Hadoop + spark+ hive cluster building (apache version) 04/21 Update SLTechnology News&Howtos

Hadoop + spark+ hive cluster building (apache version)

2025-04-21 Update From: SLTechnology News&Howtos shulou NAV: SLTechnology News&Howtos > Internet Technology >

Shulou(Shulou.com)06/03 Report--

0. Introduction

Hadoop cluster, beginners put it up smoothly, must go through a lot of holes. After a week of twists and turns, I finally got the cluster running normally, so I want to record the process of building the cluster and share it for everyone to make a reference.

As the construction process is relatively long, therefore, this article should also be very long, I hope you can read it patiently.

1. Cluster environment and version description: 3 CentOS 7.4 servers with 4CPU and 8G memory; jdk 1.8hadoop 2.7.7spark 2.3.0hive 2.1.1

The corresponding relationship between node and host hostname:

Master node: 172.18.206.224 nn1 Namenode and YARN Resourcemanage slave node 1: 172.18.206.228 dn1 Datanode and YAR Nodemanager slave node 2: 172.18.206.229 dn2 Datanode and YARN Nodemanager

For the hadoop cluster, create a non-root user, and I use the user name hadoop. The installation directory is under the hadoop user's home directory / data/hadoop.

2. Hadoop cluster installation 2.1 install jdk 1.8

Since the hadoop cluster needs the support of the java environment, before installing the cluster, make sure that your system has jdk installed, and check as follows:

[root@ND-ES-3 ~] # java-versionopenjdk version "1.8.0mm 161" OpenJDK Runtime Environment (build 1.8.0_161-b14) OpenJDK 64-Bit Server VM (build 25.161-b14, mixed mode)

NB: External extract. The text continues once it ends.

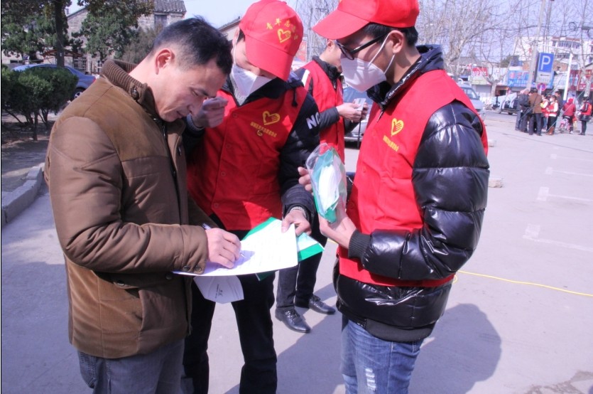 3月5日下午,来自我院大学生社团联合会和绿源环保协会的30多名志愿者走上街头,为人们宣讲防治雾霾的基本知识,免费发放防雾霾口罩,号召广大市民以自身行动抗击雾霾,保护环境。我们主动联系了二院医生免费为居民测量血压,回答居民健康方面的咨询。志愿者们还针对市民开展了防雾霾知识调查问卷活动。

If you do not install jdk 1.8 or above, you need to uninstall the old version and reinstall it. Here, the jdk I choose is the version provided by oracal, and the jdk provided by other companies. When I test, it seems to be incompatible with apache hadoop and always reports an error.

Download: jdk-8u181-linux-x64.rpm

Then upload it to the server and install:

Rpm-ivh jdk-8u181-linux-x64.rpm

After the installation is complete, check that the java-version output is correct.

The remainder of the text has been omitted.